= Beginning of Section =

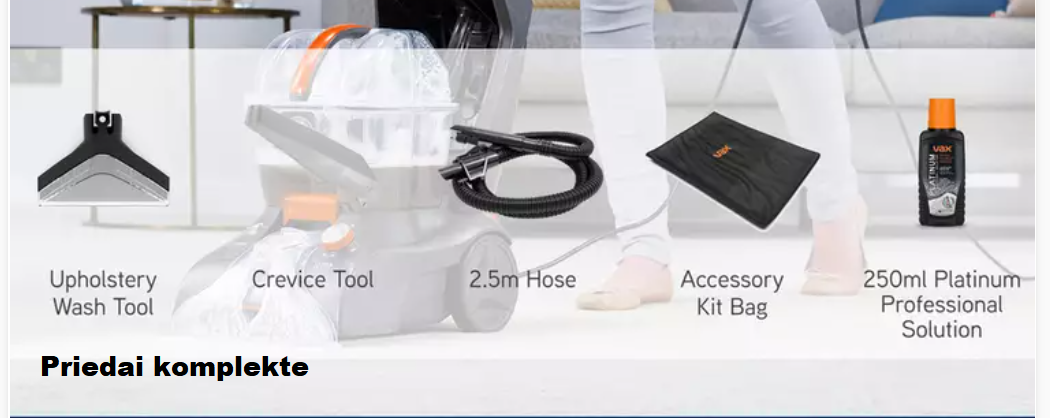 • Universalumas: Su komplekte esančia 2,5 m žarna ir specialiais antgaliais lengvai pasieksite laiptus, kampus bei atnaujinsite minkštų baldų estetinę išvaizdą.
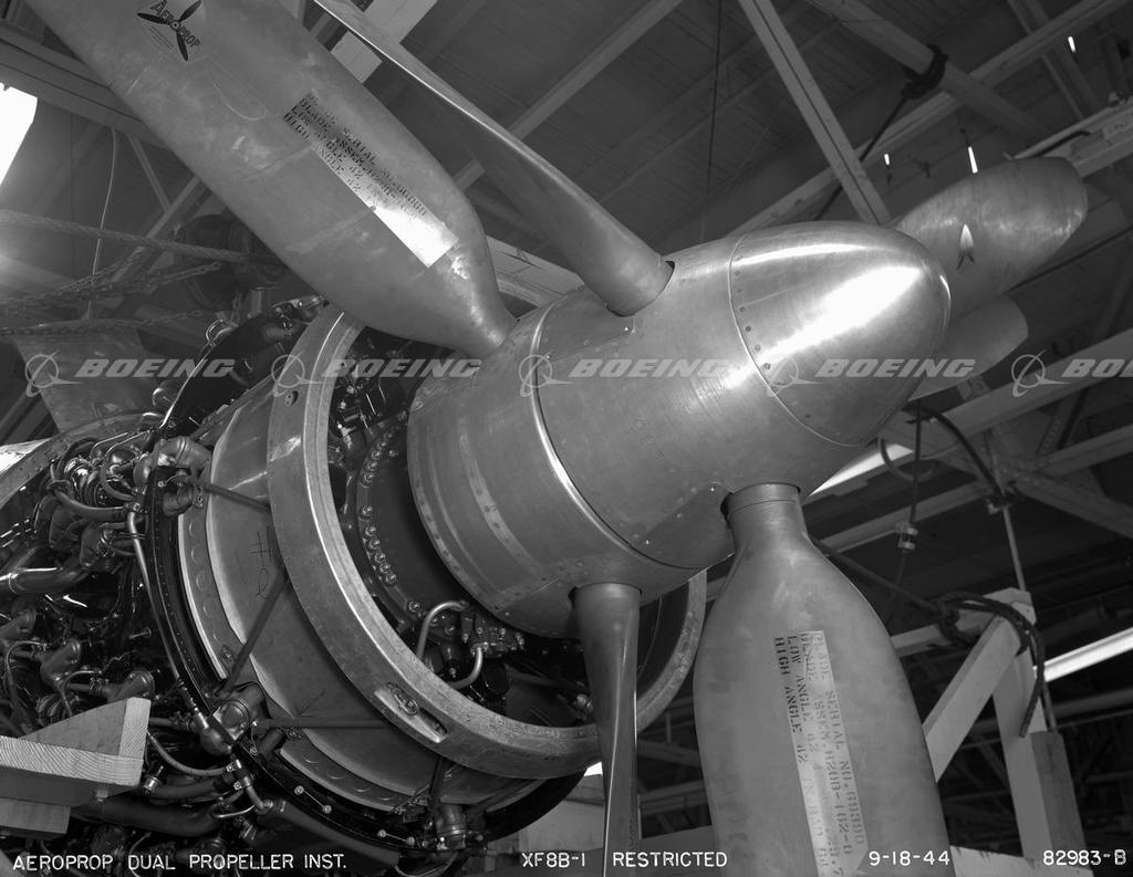 The XF8B-1 fighter-bomber was the heaviest carrier-based airplane built before the end of World War II. It was the first fighter Boeing built after the P-26 Peashooter of 1936 and the last before the F/A-22 in 1990. The XF8B-1 could be flown as a torpedo bomber and, because of its single-seat configuration, could also be used as a fighter. Because of its size and great horsepower, the XF8B-1 used an unusual dual six-blade contrarotating propeller. It carried bombs internally and extra fuel externally, and its six machine guns were mounted inside the folding wings.
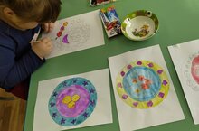 Рисование. Раскрась тарелочку. Дети учились расписывать тарелочку, нанося узор по кругу и середине. Рисовали кистью, соблюдая технику безопасности и аккуратность в работе.
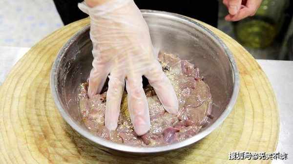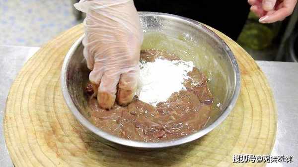 完成上述工序之后,我们就要把猪肝上浆了。这一步也很简单,加入淀粉20克左右,用手拌匀即可。这样让猪肝表面裹上一层薄薄的淀粉,既可以锁住猪肝中的水分,防止猪肝出锅后干硬苦涩,也可以在腌制的过程中,让猪肝更入味。腌制时间不用很长,10分钟即可。这样的猪肝做出来以后,味道浓郁的情况下,也会更滑更加鲜嫩。
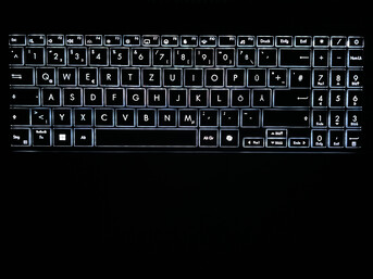 L'etichettatura della grande tastiera argentata offre un buon contrasto e presenta anche un tastierino numerico dedicato, i cui tasti sono un po' più stretti. Il layout è chiaro e naturalmente è incluso anche il nuovo tasto Copilot, solo che i tasti freccia sono molto piccoli. Grazie all'elevato sollevamento dei tasti e alla chiarezza della digitazione, è comodo digitare su questa tastiera anche quando si scrivono testi lunghi. Inoltre, il Vivobook ha una retroilluminazione RGB a una zona con tre impostazioni di intensità, i cui colori ed effetti possono essere impostati tramite l'applicazione MyAsus. La retroilluminazione può essere attivata e disattivata automaticamente tramite un sensore di luce ambientale.

= End of Section =

> _Task requirements_
Each line from the first line of the listing through the line with "完成上述工序之后,我们就要把" must be printed exactly, both ends included, and no picture may appear.

> _Exercise result_
 • Universalumas: Su komplekte esančia 2,5 m žarna ir specialiais antgaliais lengvai pasieksite laiptus, kampus bei atnaujinsite minkštų baldų estetinę išvaizdą.
 The XF8B-1 fighter-bomber was the heaviest carrier-based airplane built before the end of World War II. It was the first fighter Boeing built after the P-26 Peashooter of 1936 and the last before the F/A-22 in 1990. The XF8B-1 could be flown as a torpedo bomber and, because of its single-seat configuration, could also be used as a fighter. Because of its size and great horsepower, the XF8B-1 used an unusual dual six-blade contrarotating propeller. It carried bombs internally and extra fuel externally, and its six machine guns were mounted inside the folding wings.
 Рисование. Раскрась тарелочку. Дети учились расписывать тарелочку, нанося узор по кругу и середине. Рисовали кистью, соблюдая технику безопасности и аккуратность в работе.
 完成上述工序之后,我们就要把猪肝上浆了。这一步也很简单,加入淀粉20克左右,用手拌匀即可。这样让猪肝表面裹上一层薄薄的淀粉,既可以锁住猪肝中的水分,防止猪肝出锅后干硬苦涩,也可以在腌制的过程中,让猪肝更入味。腌制时间不用很长,10分钟即可。这样的猪肝做出来以后,味道浓郁的情况下,也会更滑更加鲜嫩。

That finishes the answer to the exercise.